I had an interesting conversation last Saturday that reminded me about how difficult it is for Filipinos to secure health care in their country.

I rode a taxi to SM CDO Downtown Premiere to host the Pink Day event sponsored by the breast cancer awareness advocacy group Thrive CDO.

Even before I warmed my butt on the seat the taxi driver chatted to me about his personal travails as he mentioned about the high price of rice, the rent of the taxi he drove and the illnesses of his wife and child.

The taxi driver who went by the name of Mannie Magan, a resident of Zone 1, Barangay Patag in Cagayan de Oro City based on his ID, said he has no money and relatives in the city.

I asked Magan to explain and he said he had unable to pay the rent for his taxi because he had to pay for his wife's medical expenses. I asked him what his wife's ailment was and he replied that it was myoma but failed to elaborate.

“Basta lagi daku (it's serious) ma'am," Magan said and I told him he was in luck because I was headed to SM CDO Downtown Premier where the Pink Day event is held and it offered free checkups for breast cancer. 

I told him to go home and bring his wife to the venue so she could have a checkup. I then told him that October is Breast Cancer Awareness Month and there are hospitals where checkups are free.

I also told him about Thrive CDO founded by Karen Lluch that can collaborate with doctors and non-government organizations (NGOs) for free services to breast cancer treatment.

I then told Mangan about the free services offered by the city hospital and the Northern Mindanao Medical Center (NMMC) to indigent patients. 
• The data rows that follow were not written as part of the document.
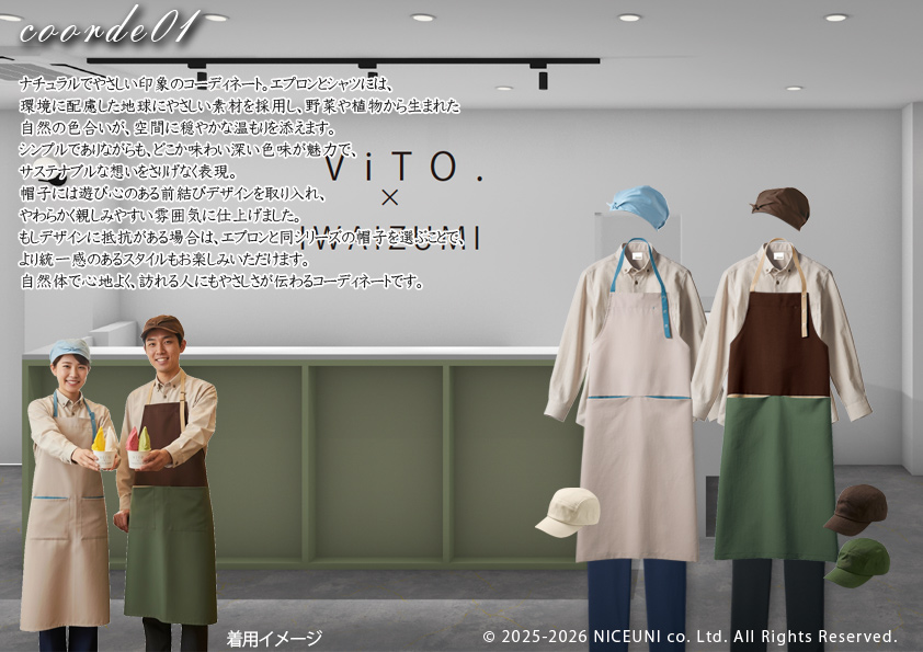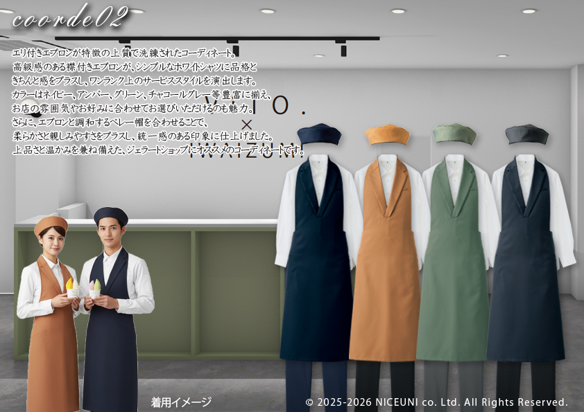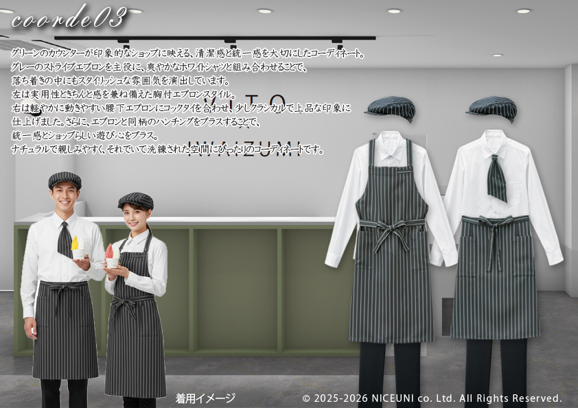 飲食・サービス制服コーデ提案 2026/3/23ジェラート映え爽やかカフェ制服コーデ【ユニフォーム、制服専門店ナイスユニ】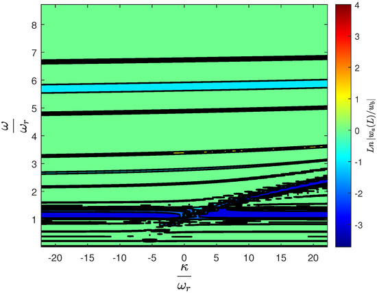 Figure 8 presents a contour plot of the transmittance across the metastructure as a function of the normalized internal coupling strength, , and normalized frequency, . The color gradient represents the logarithmic scale of transmittance, indicating the level of wave attenuation within the metastructure. Dark regions correspond to high attenuation levels, signifying the presence of bandgaps. As observed, the contour lines delineate the boundaries of the bandgaps, which become more distinct with specific values of internal coupling strength. This visualization provides a comprehensive understanding of how internal coupling affects the bandgap frequencies, offering insights into the precise tuning of the metastructure’s vibrational properties. It can be seen that the emergence of additional bandgaps occurs within certain ranges of , demonstrating the metastructure’s sensitivity to variations in internal coupling. The plot serves as a detailed map for predicting the dynamic behavior of the metastructure under varying conditions of internal coupling, which is critical for applications requiring targeted vibration isolation frequencies.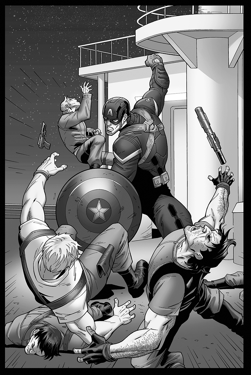 Then there was a soft pop and the nearest mercenary collapsed. Before he even hit the deck, the second man also fell. A moment later Brock Rumlow dropped out of the sky, parachute trailing behind him over the deck. He held the rifle he’d used to drop the two mercenaries. Good shooting , Steve thought. It wasn’t easy to be accurate when you were hanging from a parachute on a windy night and shooting at a moving target on the deck of a ship, which was also moving. Rumlow was among S.H.I.E.L.D.’s best.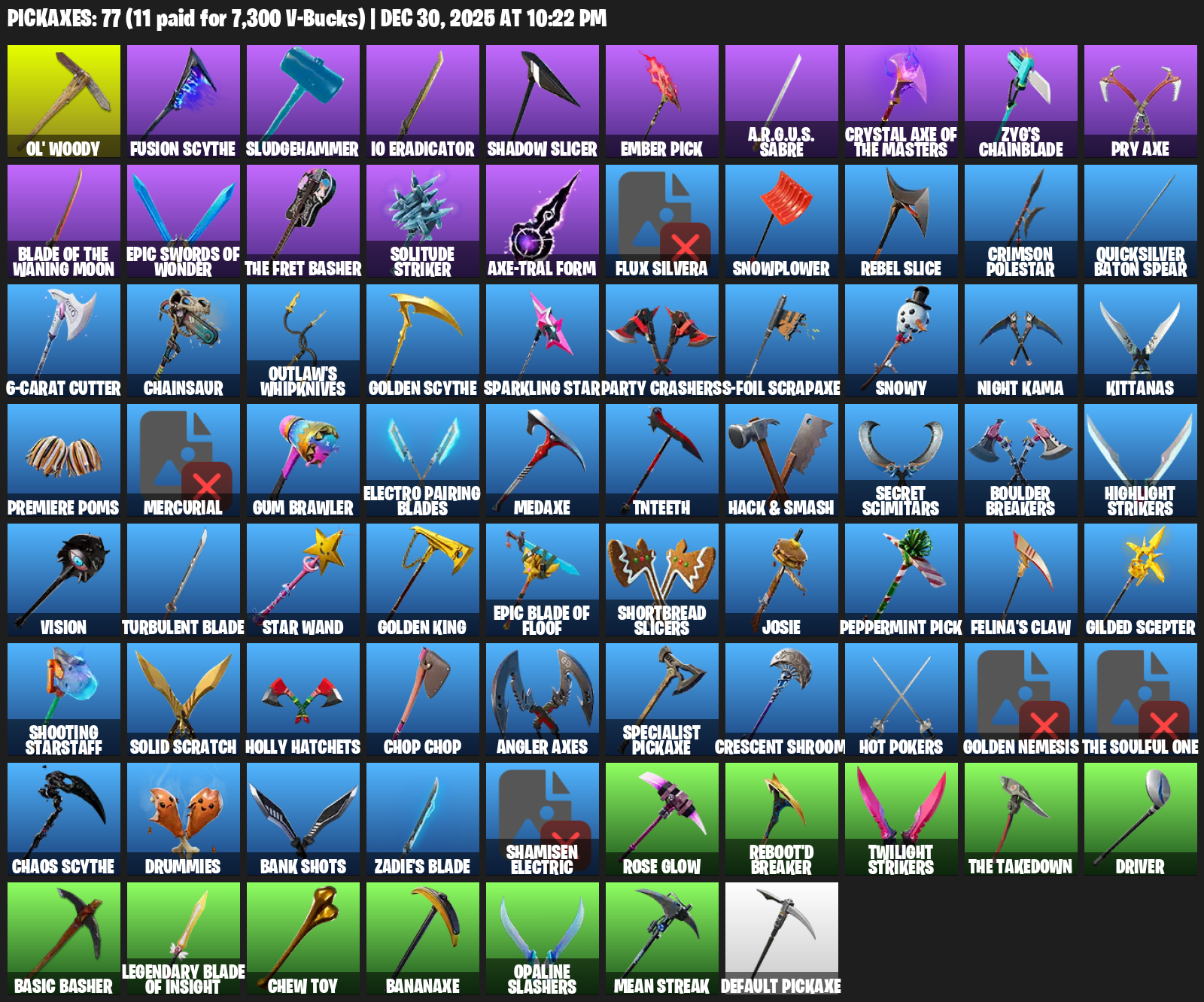 Ol’ Woody, Sludgehammer, IO Eradicator, Shadow Slicer, Ember Pick, A.R.G.U.S. Sabre, Crystal Axe of the Masters, Zyg’s Chainblade, Solitude Striker, Flux Silvera, Snowplower, Rebel Slice, Crimson Polestar, Quicksilver Baton Spear

But Mangan told me he had no PhilHealth and I replied that he had to apply for it. “I have no friends here four years ago when we moved from Davao because of (typhoon) Pablo," he said.

You don’t need friends for that, all you have to do is ask around, I told him. “If you reside in the city please visit Teddy Sabuga-a at City Halll so you can be assisted," I told Mangan.
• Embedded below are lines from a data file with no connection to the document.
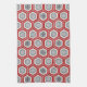 Serviette de thé japonaise traditionnelle d'impression de kimono - hexagones d'emboîtement avec un motif central de fleur dans le gris rouge, blanc et foncé chinois profond de graphite sur un gris argenté léger/arrière - plan gris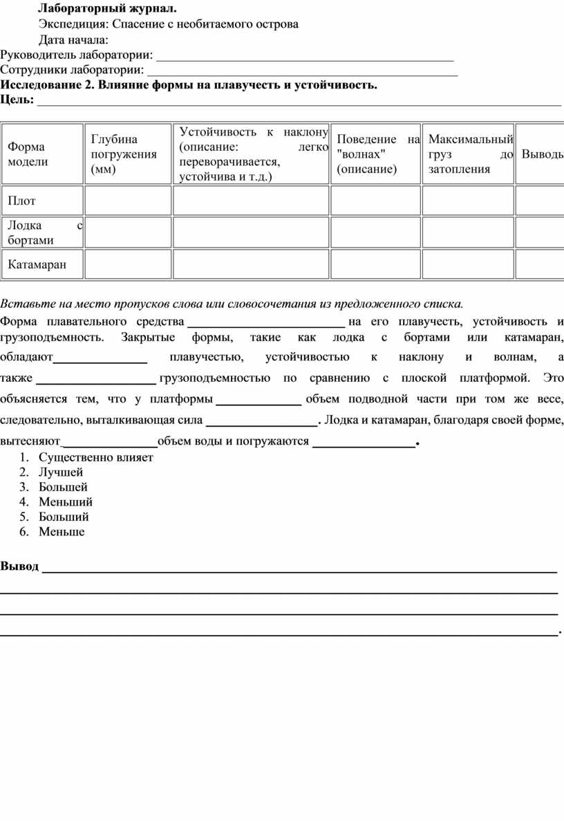 7. Запишите все наблюдения и результаты измерений в "судовой журнал". Сделайте выводы о том, какая форма обеспечивает наилучшую плавучесть и устойчивость.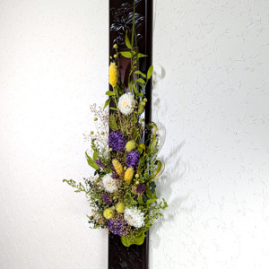アスター(パールホワイト、バイオレット)、千日紅、ポアプランツ(黄・紫)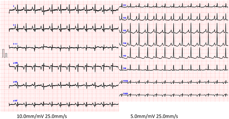 心電図:心拍数152/分,軸35度,両心房負荷,両心室肥大(Fig. 3)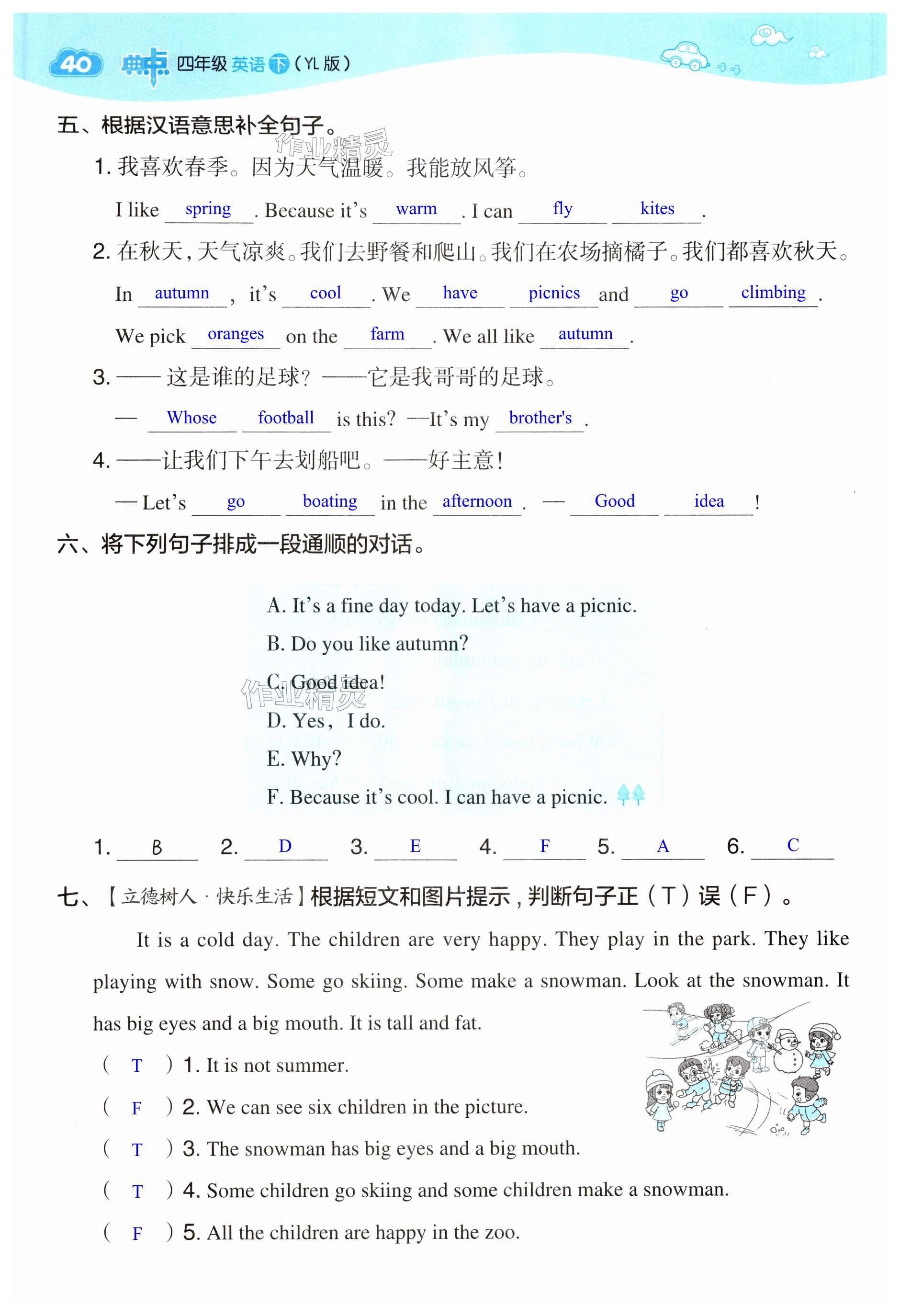 注:目前有些书本章节名称可能整理的还不是很完善,但都是按照顺序排列的,请同学们按照顺序仔细查找。练习册 2024年综合应用创新题典中点四年级英语下册译林版 答案主要是用来给同学们做完题方便对答案用的,请勿直接抄袭。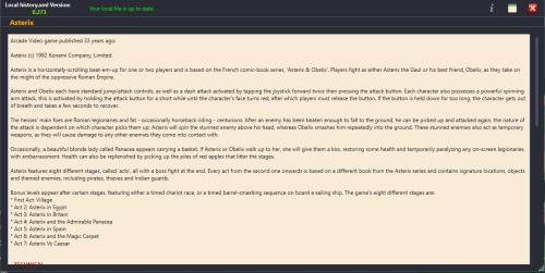 Contains game information, trivia, facts and tips on the arcade systems supported by MAME.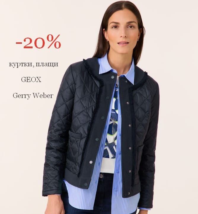 -20% скидка куртки, плащи Geox, Gerry Weber
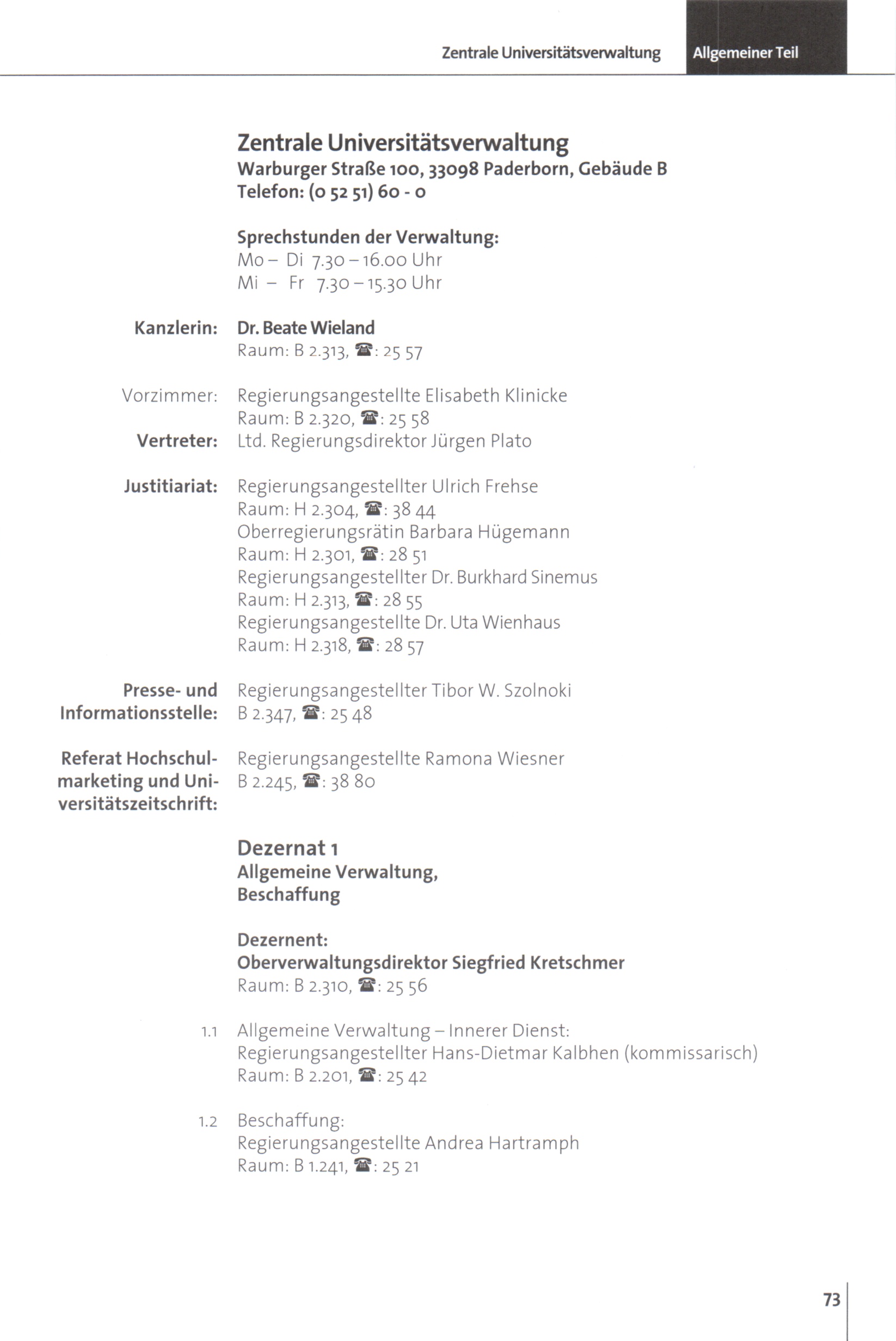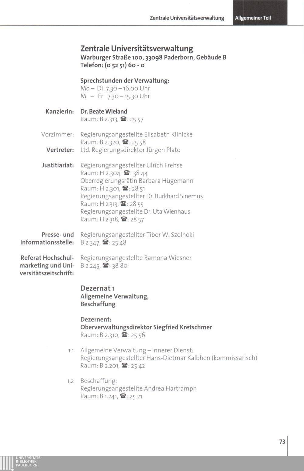 Personal- und Vorlesungsverzeichnis für die Universität Paderborn

He answered that he was renting in Igpit, Opol town which surprised me since I saw the CDO address in his ID card. I replied that he can ask for help from the Opol Mayor's office or the Governor's Office at the Capitol. 
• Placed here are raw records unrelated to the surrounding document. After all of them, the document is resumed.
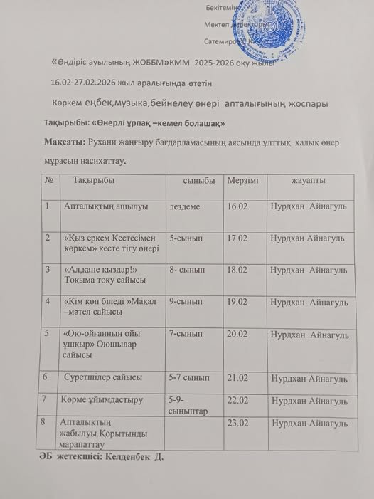 Шығармашылық апталықтың ашылуы. Тақырыбы:"Өнерлі ұрпақ-кемел болашақ". Мақсаты: Рухани жаңғыру бағдарламасының аясында ұлттық халық өнер мұрасын насихаттау.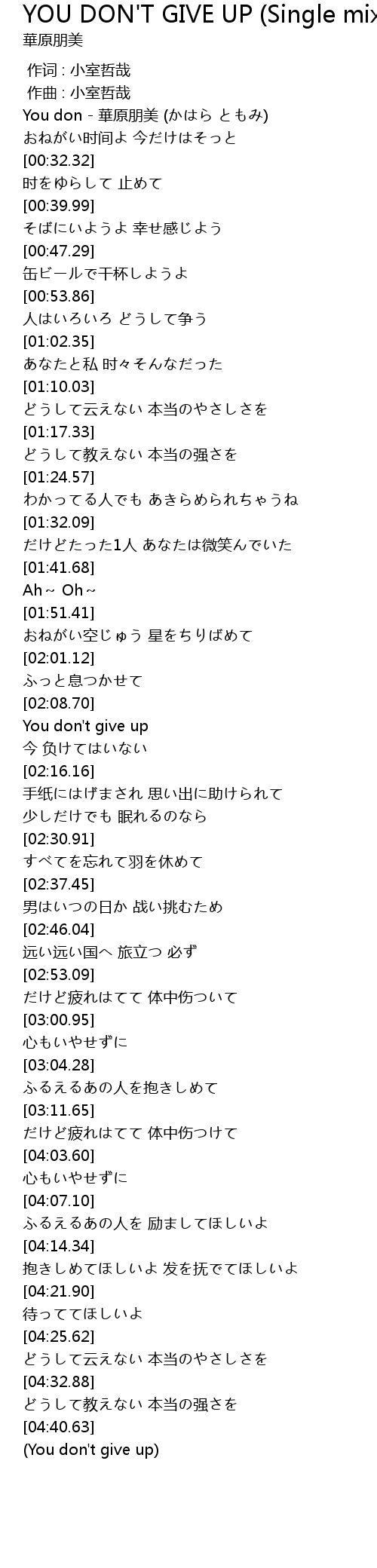 | [04:43.33] | (You don't give up) |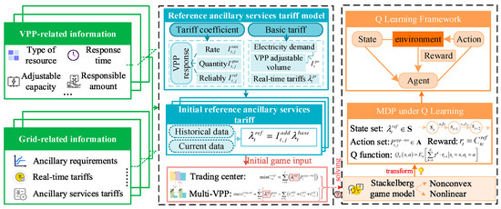 Current research extensively employs various game-theoretic frameworks, such as master–slave games and non-cooperative games, to analyze the interactive behavior between grid operators and VPPs. For example, references [11,12,13] utilize Stackelberg game theory to construct interaction models between multiple VPPs and the grid, considering the interests and demands of different subjects. These models effectively achieve collaborative optimization among VPPs and grid interaction. Reference [14] proposes a Stackelberg game-based optimization platform for electricity trading and scheduling, facilitating market participation of VPPs. In addition, other game theories have been used to conduct research. For example, references [15,16] employ dynamic games to develop day-ahead market optimization models for multi-VPP systems, enabling optimal benefit allocation under complex gaming scenarios. Although all of the above studies have adopted the ideas of game theory to solve the problems related to VPPs, the initial tariffs of the game are generally set empirically. However, due to the different types of resources aggregated by different VPPs, there is a gap in their overall response characteristics. If the detailed information of various types of VPPs and the grid side is not considered in the initial tariff setting, it will lead to a large deviation between initial and final clearing price, which increases the number of interactions between multiple VPPs and the grid, i.e., it increases the game iteration and computation time and, thus, reduces the efficiency of market clearing.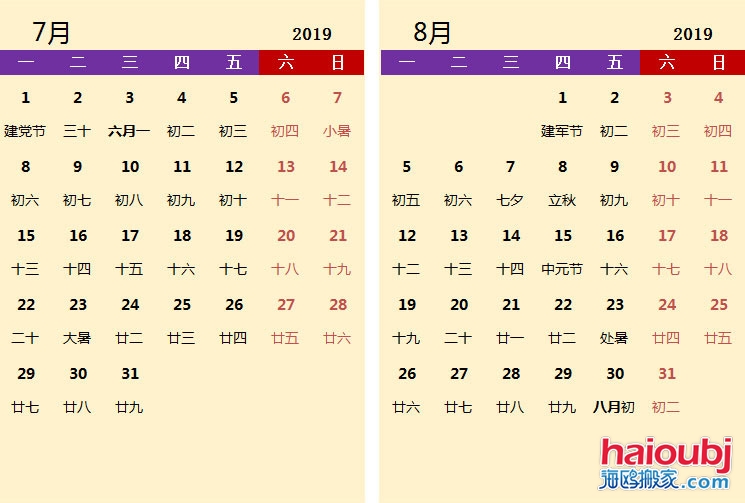 7月份,8月份沒(méi)有放假節(jié)日,但是有重大的全國(guó)節(jié)日,建黨節(jié)和建軍節(jié),中元節(jié)三節(jié)。前面的兩個(gè)節(jié)日是非常重要,最值得紀(jì)念的節(jié)日。

Mangan said he was unable to process his PhilHealth card and other government ID cards because it would take days for him to secure even one government ID–time he cannot afford to waste since he had to drive the taxi to earn money for his family. 

I saw his point. I know that this is too much for the government bureaucracy to do but I used to ask if it is possibe for government agencies to order their personnel to go door-to-door and process the ID cards and requirements for the residents who are too poor to do so.

Can we make it simpler then? Right now there is one requirement followed by several sub requirements. I learned that the government will soon process a national ID card free of charge for Filipinos so it would be simpler for them to process their documents and avail of services offered by government.

I have been gone from the Philippines so long and I only keep tabs about what's happening in the country by reading the news online. I don't know if PhilHealth membership is automatic for the indigent, the elderly and mentally unsound.

Or should they be given assistance? I ask this because it is election season once again and it's a never ending dream for ordinary Filipinos like me and more so indigent Pinoys to see the day when we will be taken cared of by the government.